The Indian markets went for a tremendous rally on the last trading day of the fiscal and the benchmarks surged by over 2 percent. Finance minister’s statement on P-notes saying that government will issue clarification on its position on taxation of investments from overseas soothed the worries. Today, the start is likely to be on a flat-to-positive note though, FM has given clarification but with the start of new financial year concerns still persist over the government's broader proposals to tax foreign investors. It’s a truncated week with just three days of trade. Marketmen will also be eyeing the movement in the rupee after it suffered worst fall in four months. The Aviation stocks are likely to be under pressure as the oil marketing companies have raised the ATF prices on 31st March by 3%, the third time in the month. Jet fuel constitutes over 40% of an airline's operating cost and the hike in prices will add to the burden of the cash-strapped airlines. Meanwhile, the auto companies are likely to rejoice with record sales in month of March on the back of customers advancing their purchases due to fears of a post-Budget price hike.

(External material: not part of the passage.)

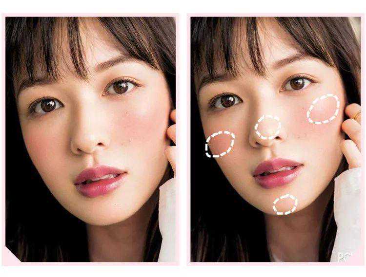 费洛蒙妆容的重点就是腮红,淡淡的红晕好像宿醉后的羞涩感,是这几年来日本女性流行的妆容特点之一。

The US markets though closed mixed on last trading session but it was one of the best quarters since 1998. The traders’ sentiments were boosted by the better-than-expected rise in consumer confidence and spending. The Asian markets after a decent start following biggest quarterly gain since 2010 are now trading mixed. The Chinese market is trading higher on report that country’s Purchasing Managers’ Index climbed to 53.1 in March from 51 the previous month.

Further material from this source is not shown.